Novel silicon carbide devices for high power and high temperature applications

Silicon Carbide (SiC) offers great promise in high power, high temperature applications. This research focuses on the development of SiC devices, specifically the two most important devices in semiconductor power electronics: SiC Schottky diodes and PN junction diodes.; A novel Schottky diode named MOSSD is presented and experimental results show that MOSSD exhibits significantly lower leakage currents and high breakdown voltages compared to the conventional Schottky diode with the same footprint area. The accumulation layer formed beneath MOS structure helps spread the forward current laterally. Thus, MOSSD makes no serious sacrifice in forward current characteristics. To decrease the forward voltage drop of the lateral Schottky diode, a novel structure named ACCU-LSD is proposed and fabricated. The accumulation layer provides a current channel with low specific on state resistance.
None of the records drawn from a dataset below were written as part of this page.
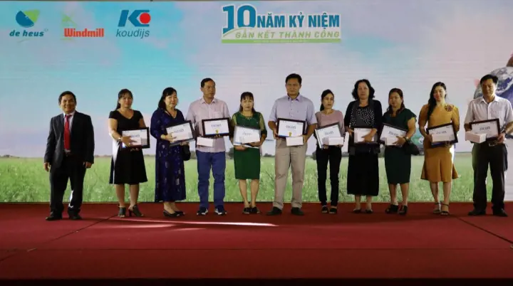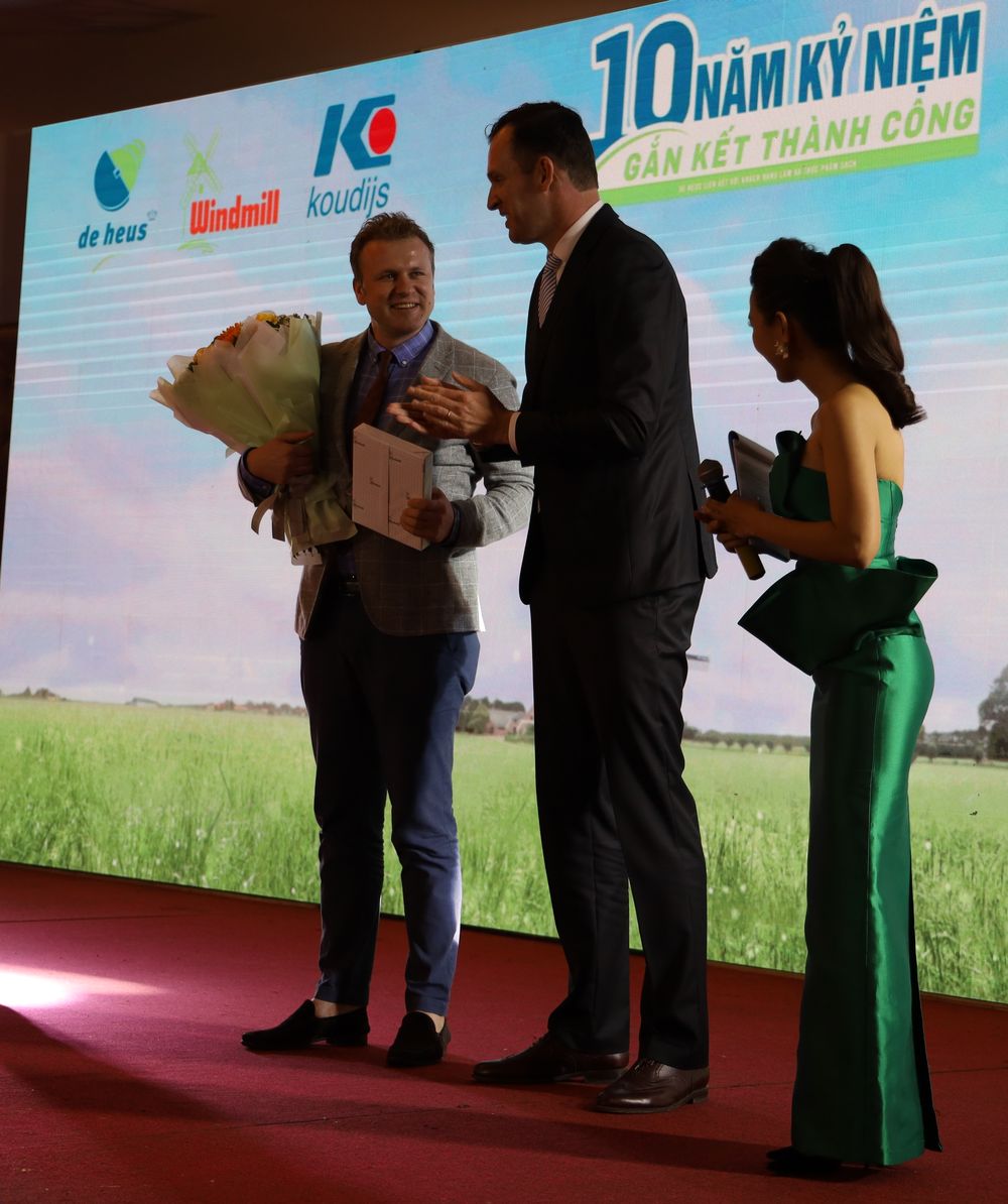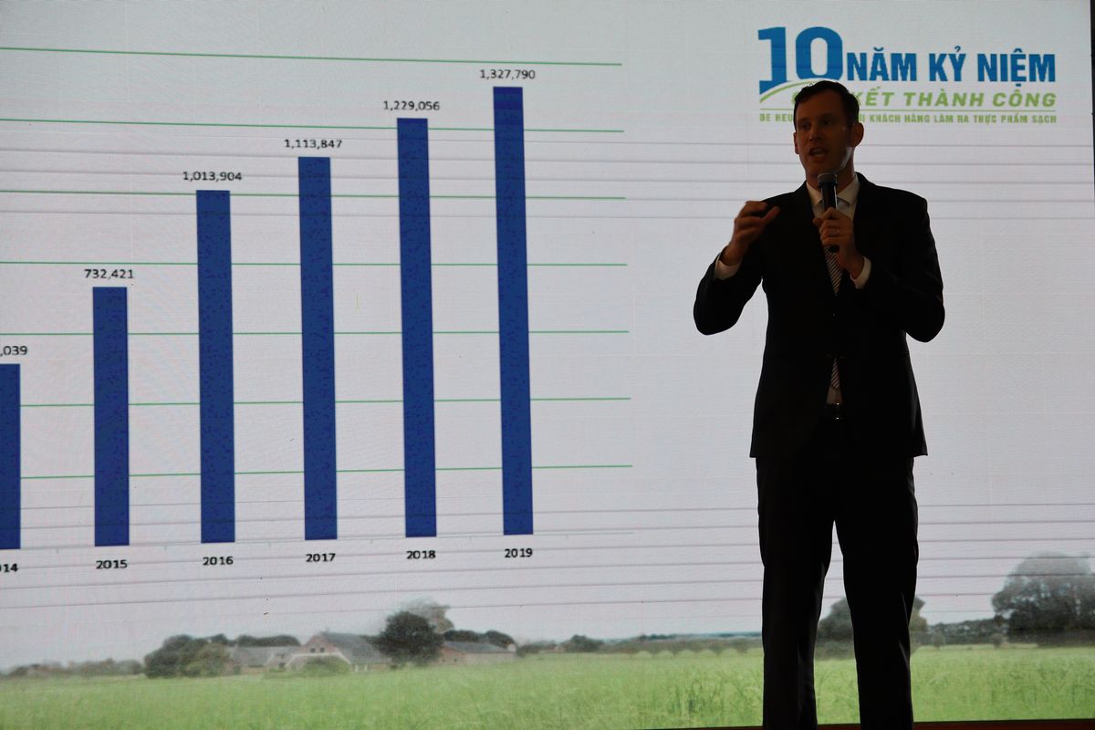 Cũng tại Hội nghị, ông Gabor Fluit - Tổng Giám Đốc De Heus khu vực Châu Á đã báo cáo tổng quát về 10 năm hoạt động của De Heus tại Việt Nam. Khởi đầu từ năm 2009 với sản lượng 42.000 tấn/năm, đến năm 2019, có sản lượng vượt mức 1.300.000 tấn/năm, qua 10 năm sản lượng tăng trưởng 3.095%, bình quân một năm tăng trưởng 310%. Để đạt được con số tăng trưởng ấn tượng đó chính là nhờ vào sự tin dùng sản phẩm De Heus của quý đại lý, quý trang trai trong hơn 10 năm qua. Mặt khác, với phương châm sản xuất kinh doanh “De Heus liên kết với người chăn nuôi làm ra thực phẩm sạch”.Do vậy, De Heus luôn sát cánh cùng người chăn nuôi trong những lúc khó khăn cũng như lúc thuận lợi… Đồng thời, ông Gabor Fluit gởi lời biết ơn sâu sắc nhất đến quý khách hàng đã và đang đồng hành cùng De Heus trong những năm qua, tiếp tục gắn kết cho những năm sau nữa…
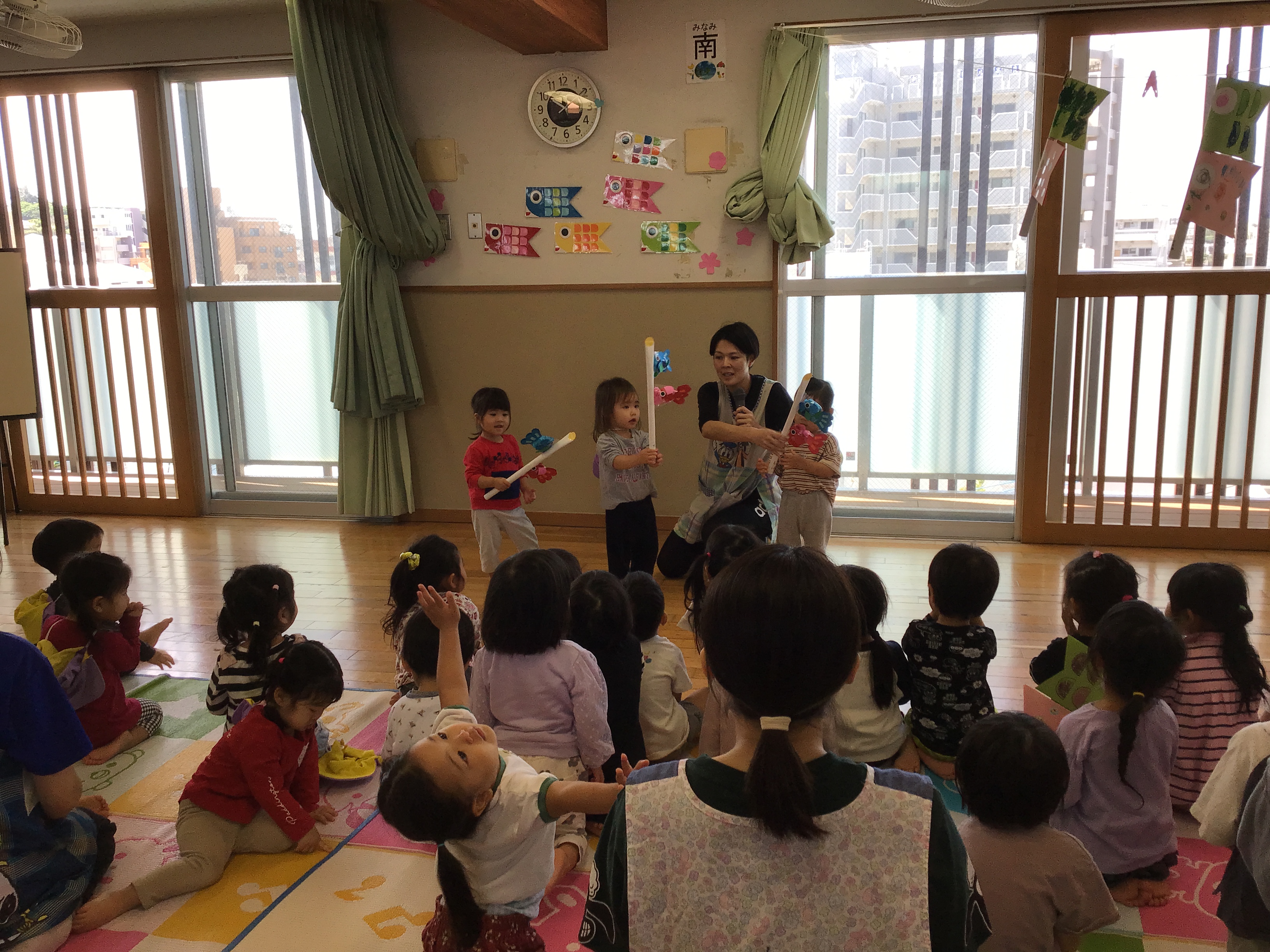 3階のお部屋に集まってこいのぼりの歌を歌ったり
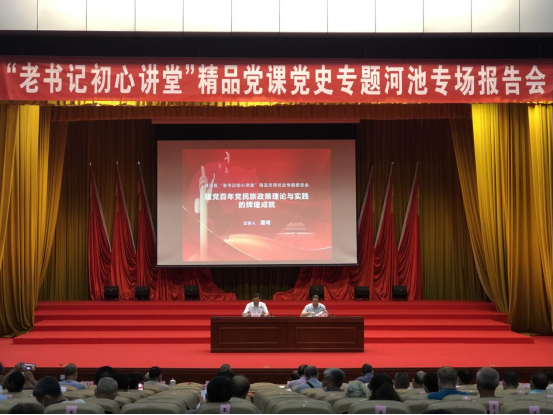 6月17日上午,自治区“老书记初心讲堂”精品党课党史专题河池专场报告会在河池市行政办公中心一楼会议厅举行。自治区党委原副书记、自治区人大常委会原副主任潘琦应邀作题为《建党百年党民族政策理论与实践的光辉成就》专题报告。市委常委、宣传部部长、副市长陆海生参加并主持报告会。

The accumulation layer contribution depends on the forward bias, operational temperature and the oxide film thickness. Because of their excellent electrical characteristics, MOSSD and ACCU-LSD are promising Schottky diode structures for high power and high temperature applications. In this work, it has been demonstrated that high temperature annealing can improve the Schottky diode characteristics by suppressing the leaky secondary diode, caused by the heterogeneous barrier height.; Power P+PN+ diodes were fabricated and forward conduction performances were measured and compared to identical P +NN+ diodes. Results show that P+PN + diodes exhibit a non-linear behavior at room temperature and higher forward current density above a certain forward bias compared to P +NN+ diodes. The superior forward performance of the P+PN+ diode is attributed to its high injection efficiency and low carrier recombination. Ideal ohmic contacts in the SiC PN junction are also demonstrated for the first time in this research, and forward electrical characteristics are investigated systematically.; This research work also investigates the electrical performance comparison between N and P type Schottky diodes; a novel technique to obtain thick oxide film on SiC is invented and characterized. Finally, two novel wafer designs for high voltage applications are simulated.